The introduction of Robotics in Minimally Invasive Surgery (RMIS) allows overcoming many of the obstacles introduced by traditional laparoscopic techniques, by improving the surgeon’s maneuverability and precision during the surgical procedure. Nevertheless, major complications can still affect the outcome of the procedure, for example intra-operative bleeding caused by vessel injuries.
The overall goal of this thesis is to develop novel computer vision algorithms for the implementation of assistive technologies focused at enhancing the surgeon’s intra-operative capabilities, to allow safer clinical procedures and improved outcomes.

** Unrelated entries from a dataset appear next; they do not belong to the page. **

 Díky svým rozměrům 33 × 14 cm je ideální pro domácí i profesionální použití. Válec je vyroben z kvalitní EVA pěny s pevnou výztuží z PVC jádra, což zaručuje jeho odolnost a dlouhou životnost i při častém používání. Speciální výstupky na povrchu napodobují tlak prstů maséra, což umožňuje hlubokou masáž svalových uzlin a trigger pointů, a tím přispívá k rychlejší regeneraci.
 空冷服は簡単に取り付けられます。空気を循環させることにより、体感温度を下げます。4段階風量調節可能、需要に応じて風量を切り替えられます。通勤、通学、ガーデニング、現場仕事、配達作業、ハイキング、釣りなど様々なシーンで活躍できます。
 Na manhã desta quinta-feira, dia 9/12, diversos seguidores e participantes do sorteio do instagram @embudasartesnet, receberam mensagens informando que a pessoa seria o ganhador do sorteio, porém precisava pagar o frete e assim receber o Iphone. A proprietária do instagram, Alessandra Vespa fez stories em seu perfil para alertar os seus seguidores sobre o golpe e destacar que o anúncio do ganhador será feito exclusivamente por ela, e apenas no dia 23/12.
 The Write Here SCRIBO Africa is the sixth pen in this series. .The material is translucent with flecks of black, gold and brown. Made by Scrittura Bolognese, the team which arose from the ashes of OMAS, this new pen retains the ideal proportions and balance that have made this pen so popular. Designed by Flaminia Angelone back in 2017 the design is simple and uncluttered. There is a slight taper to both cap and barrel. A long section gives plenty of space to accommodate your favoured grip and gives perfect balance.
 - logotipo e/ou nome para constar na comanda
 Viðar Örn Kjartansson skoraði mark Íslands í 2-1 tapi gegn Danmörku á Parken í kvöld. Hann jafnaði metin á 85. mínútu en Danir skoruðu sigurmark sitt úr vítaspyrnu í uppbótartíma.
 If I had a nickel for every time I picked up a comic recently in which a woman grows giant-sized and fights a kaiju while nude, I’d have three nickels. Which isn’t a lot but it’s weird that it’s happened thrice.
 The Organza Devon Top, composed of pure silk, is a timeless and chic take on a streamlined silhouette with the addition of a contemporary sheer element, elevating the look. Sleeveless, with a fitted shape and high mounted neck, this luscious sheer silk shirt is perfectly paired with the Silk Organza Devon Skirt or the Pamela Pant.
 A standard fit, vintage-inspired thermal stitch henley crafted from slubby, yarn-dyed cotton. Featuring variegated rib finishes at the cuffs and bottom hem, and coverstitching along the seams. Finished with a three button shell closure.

The PhD research has been focused on the following topics:
(I) A dense 3D reconstruction algorithm was developed to intra-operatively measure soft tissue deformations. The work was focused on the refinement of the disparity map with the aim of obtaining an accurate and dense point map. In order to evaluate the algorithm, a phantom of abdomen (liver, kidneys and spleen) was developed and a new and rich stereo endoscopic image dataset (EndoAbS dataset) was created.
(II) A framework for 2D long term tracking of soft tissue areas, to be preserved from injury during surgery, was developed. A novel strategy to recover failures from tracking was proposed to make the algorithm robust against: (i) partial occlusion, (ii) total occlusion, and (iii) camera movements.
(III) Development of an Enhanced Vision System to Improve Safety in Robotic Surgery (EnViSoRS) to protect vessels from injury during the execution of a robotic surgical procedures. The core of the framework consists in the integration of the previously developed dense 3D reconstruction algorithm and SA tracking, and Augmented Reality (AR) features for warning the surgeon about distance between the instruments and the vessel.